If those measurements are accurate... I think you have a 30 gallon tank. So 6 Giant Danios is pushing it.. I think they'll do well in a group of five. You'll be fully stocked with 5 Giant Danios in a 30 gallon tank.. If you want to add more, I suggest getting a filter that can filter a 60 gallon tank and adding live plants as well.


----------



## kimberlee (Sep 26, 2011)

Interesting - I just took the guy's word for it. I just measured it: 30"x22"x12".

If I'm fully stocked with the giant danios, I may be finding a home for them too. My wish and goal for this new tank was to have a couple schools of small fish.


----------



## Pigeonfish (Jun 23, 2011)

Okay it's def a 35 gallon tank. With the gravel you'll probably have 33-34 gallons. That happens a lot on craigslist... sometimes they do it on purpose sometimes the people really don't know the size, since it's not a big difference, I'm guessing the latter. Now you know to double check just in case, ask them to measure it and take a picture with tape measure etc..

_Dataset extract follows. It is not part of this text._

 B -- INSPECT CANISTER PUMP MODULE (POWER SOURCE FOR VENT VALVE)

Here's quite a few schooling fish that you need at least 5 or more:

Panda Corys

Peppered Corys

Neon Tetra

Rummynose Tetra

Harlequin Rasbora

Zebra Danio

I think a nice set up would be

5 Corys
5 Tetras
5 Danios

You can add another small group of schoolers, or maybe get a couple centerpiece fish like Dwarf Gouramis or Honey/Honey Flame Gouramis.


----------



## HFGGHG (Aug 28, 2011)

I have 7 neon tetras and 5 zebra danios in a 29g tank. I highly recommend
the neon tetras if you are looking for small schooling fish. They are 
totally awesome to watch. Their colors are great and they are very peaceful.
My only complaint with the zebra danios is that they nip at each others tails.
They leave the other fish in the tank alone, which include the neon tetras, platies and serpae tetras but chase each other around endlessly. Funny to
watch. Good luck !


----------



## holly12 (Apr 21, 2011)

The Panda Corys are one of the smallest Corys, so they would be your best bet for having a Cory school.

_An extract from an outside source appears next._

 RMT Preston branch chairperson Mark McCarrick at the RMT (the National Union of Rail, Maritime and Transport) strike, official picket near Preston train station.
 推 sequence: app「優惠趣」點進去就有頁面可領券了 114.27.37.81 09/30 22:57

I'd do: 5-6 Panda Corys, 6 Neon or Cardinal Tetras and 6 Harlequin Rasboras.

Or: 5-6 Panda Corys, either the Neons/Cards or Harleys and then a Honey Gourami.

Since Pigeon said you have a 35g tank, I can suggest what I've got in my 36g: 9 Harlequin Rasboras, 6 Three Line Corys (used to be 7), and 2 Angel fish (they need a 29g at the least.) I've got one Aqua Clear 70 filter (rated for 70g tanks) and an Aqueon 30 filter (rated for 45g tanks) so I've got way more filtration than needed, and the tank is heavily planted which also helps - also have an air stone for increased aeration.


----------